私は「渡世の義理」というものを重視しています。
友人関係の継続もこの点が基準になっています。
無論、「義理」を重視するのは私の勝手でしかありません。
相手にも同じ姿勢を求めているわけではないのです。
でも、自ずと長続きする友人は「義理」を重視する人になっています。
それが、なぜか女性ばかりというのが特徴的かもしれません。
「渡世の義理」が描かれるのは任侠映画です。
それも実録モノではなく着流し任侠映画。
鶴田浩二さんや健さんが、義理のために刃をふるう映画です。
あれは、一種のファンタジーです。
「男はこうでなければ」
実は、そうありたくても無理なのです。
だからファンタジー。
理想像を描いている映画ゆえに、多くの人が拍手しました。
そう、理想の「男らしさ」を描こうとしていたのです。
理想ですから現実とは異なります。
男性が、映画で描かれる「男らしさ」など持っているわけではありません。
寧ろ、実録モノが描いた小心で嫉妬深い人物像が現実の男性かもしれません。
会社員時代にはそれを肌身で感じました。
一方、私の友人であり続ける女性をみると、非常に義理堅いのです。
別に、バレンタインデーに義理でチョコレートをくれるわけではありません。
お互いの出会いを大切にし、人格を尊重する。
そういう人たちです。
おそらく、一人とは五寸の関係でしょう。

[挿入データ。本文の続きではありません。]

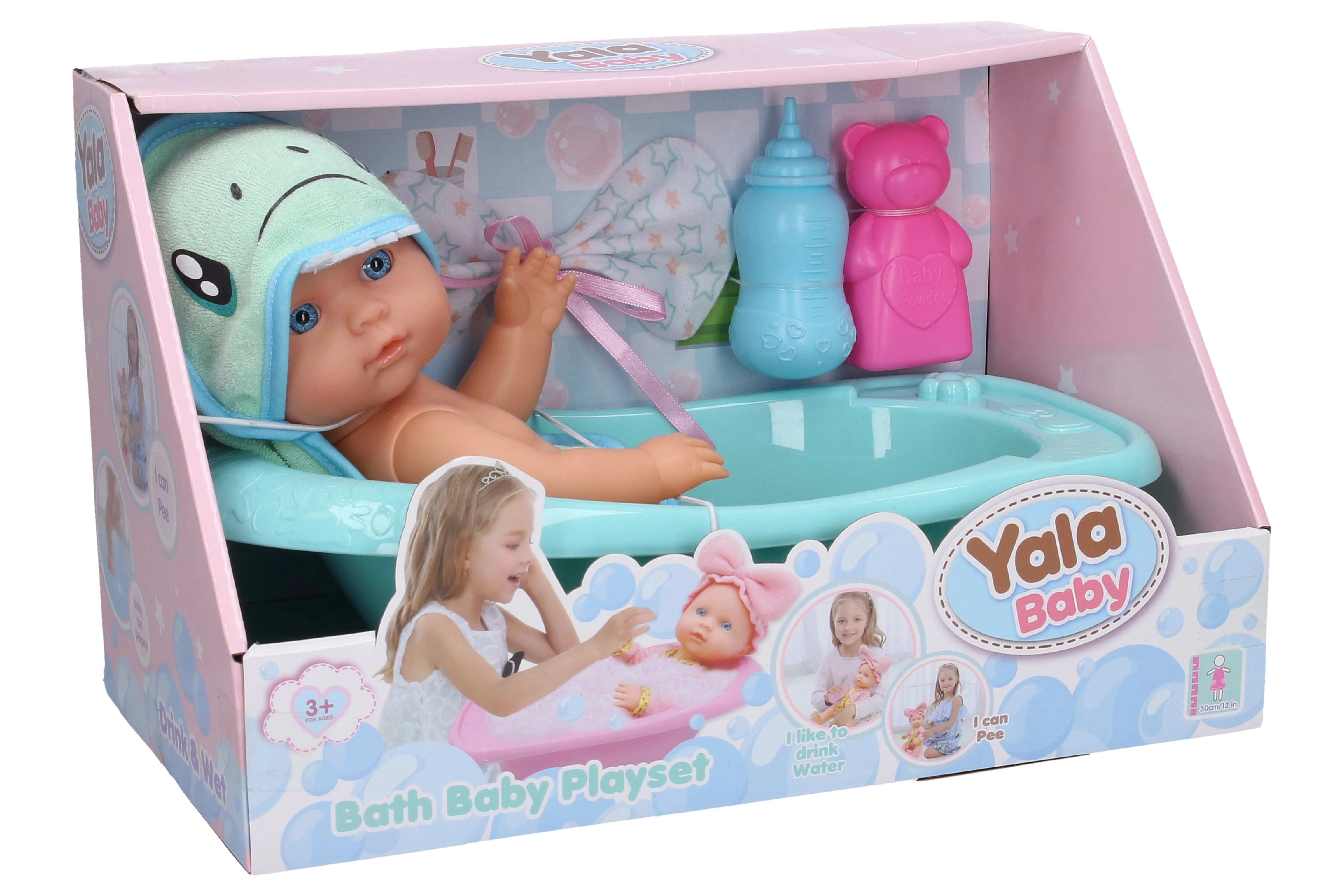 • Set da bagnetto completo – bambolotto, vaschetta, accessori per il bagnetto e accappatoio.
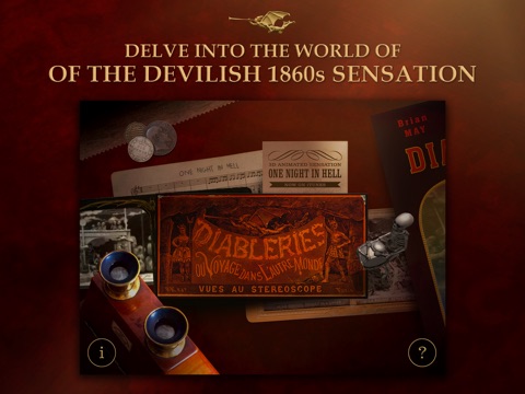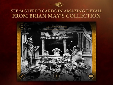 The cards, called Diableries (which translates roughly as Devilments), depict a whole imaginary underworld, populated by devils, satyrs and skeletons. Examine 24 Diableries stereo cards from Brian May’s private collection. Enlarge the cards in amazing detail with intuitive controls. Illuminate the cards transforming the view into a night scene, where the dark becomes enriched with colours that magically appear, and the eyes of the skeletons macabrely shine red and big, and follow you around.
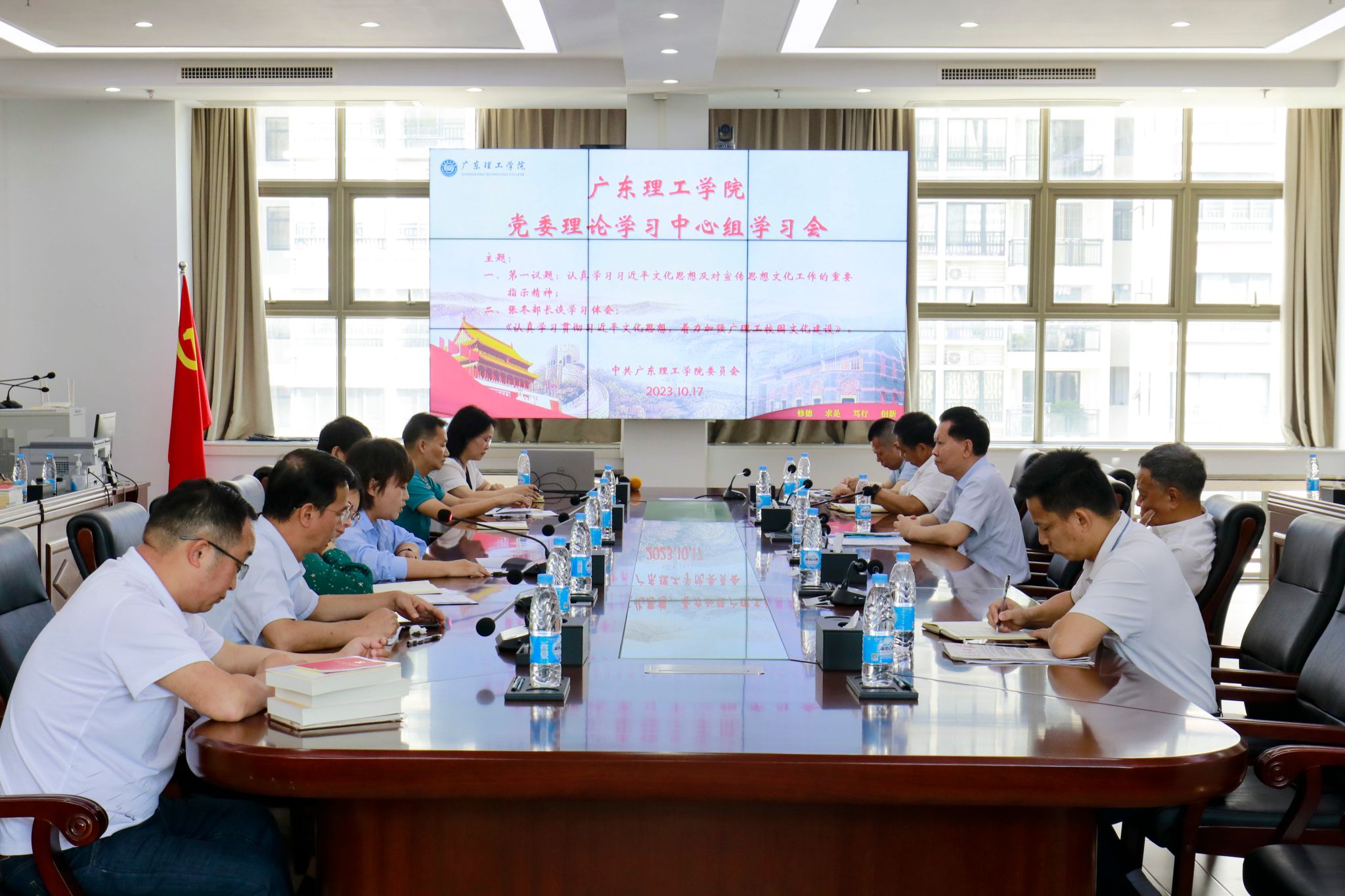 本网讯(宣传部)2023年10月17日,Beat365党委在综合楼12楼会议室召开党委理论学习中心组学习会议,认真学习习近平文化思想、习近平总书记重要指示和全国宣传思想文化工作会议精神。全体校领导、校长助理,党委部门正职负责人、行政部门党员正职负责人,各党总支书记、直属党支部书记、马克思主义学院院长参加会议。学校党委书记张东生主持会议。会议第一议题是认真学习习近平文化思想及对宣传思想文化工作的重要指示精神,党委副...
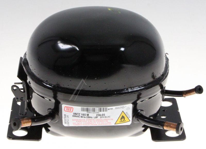 Compresor inverter original Beko para frigoríficos y congeladores, modelo VNTZ165MT, diseñado para funcionar con gas refrigerante R600a y alimentación de 220V/60Hz. Presenta un cuerpo metálico de color negro brillante con forma cilíndrica ovalada, montado sobre una base con soportes de fijación y conexiones de cobre visibles en un lateral. Adecuado para sistemas de refrigeración que utilicen tecnología inverter.
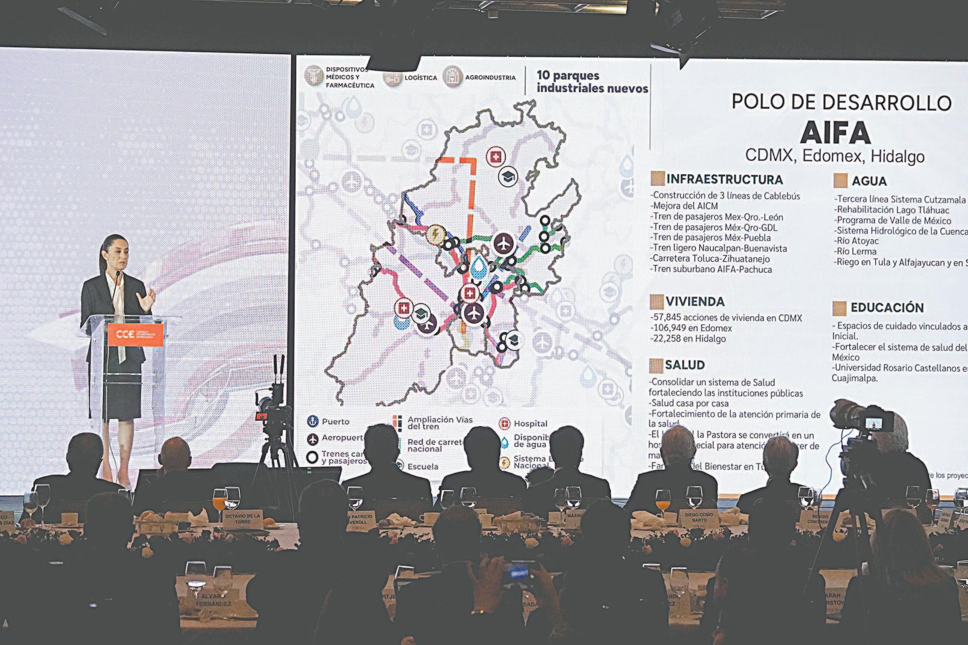 CLAUDIA SHEINBAUM PRESIDENTE DE MÉXICOPor otro lado, Sheinbaum pidió a los empresarios trabajar en la relocalización de empresas y polos del bienestar, haciendo énfasis en impulsar la zona del Aeropuerto Internacional Felipe Ángeles
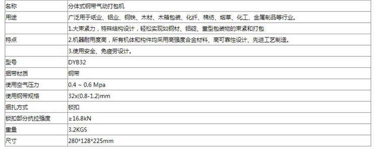 DYB32分體式鋼帶氣動打包機 參數展示圖

若干ですが、私が兄貴かもしれません。
もう一人とは、私が「姐さん」(姉さんではない)と相手を呼ぶべき関係です。
そういう関係である以上、色気が介在する余地はありません。
それが残念といえば残念のような気もしなくもありません。
けれども、そういう俗な感覚を超えたつきあいというのは、なかなかいいものです。
さて、人情はどうか。
人情は常に気にしています。
理屈は理屈ですが、人情も大事。
理屈で押し切ってしまうような若さはもう失いました。
人の心情を慮る=忖度することは、人同士のつきあいでは非常に重要なのです。
年齢を重ねてそれを理解できるようになった、というべきでしょうか。
★ 「博奕打ち 総長賭博」(1968年 東映)
早朝賭博ではありません。三島由紀夫絶賛の任侠映画です。